RECORDS FOR THIS EXERCISE >>
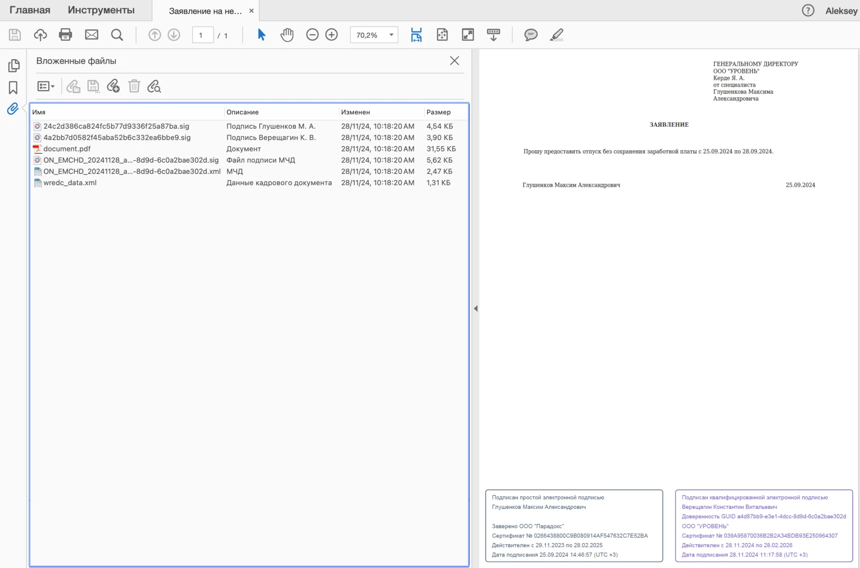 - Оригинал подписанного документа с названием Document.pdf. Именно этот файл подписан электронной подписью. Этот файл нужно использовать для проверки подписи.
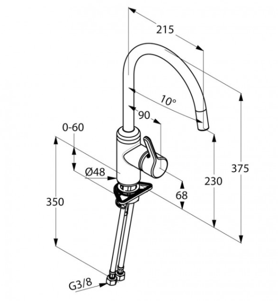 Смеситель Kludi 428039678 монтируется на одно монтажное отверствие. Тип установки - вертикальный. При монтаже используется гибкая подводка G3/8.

...

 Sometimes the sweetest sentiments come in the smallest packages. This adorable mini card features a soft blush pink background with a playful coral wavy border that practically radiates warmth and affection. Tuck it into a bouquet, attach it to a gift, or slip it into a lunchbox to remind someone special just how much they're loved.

ASSIGNMENT >> In the records above, find the line with "- Оригинал подписанного" and the line with "Смеситель Kludi 428039678", then restate word for word only those two lines and all lines between, omitting pictures.

ANSWER BOX >>
 - Оригинал подписанного документа с названием Document.pdf. Именно этот файл подписан электронной подписью. Этот файл нужно использовать для проверки подписи.
 Смеситель Kludi 428039678 монтируется на одно монтажное отверствие. Тип установки - вертикальный. При монтаже используется гибкая подводка G3/8.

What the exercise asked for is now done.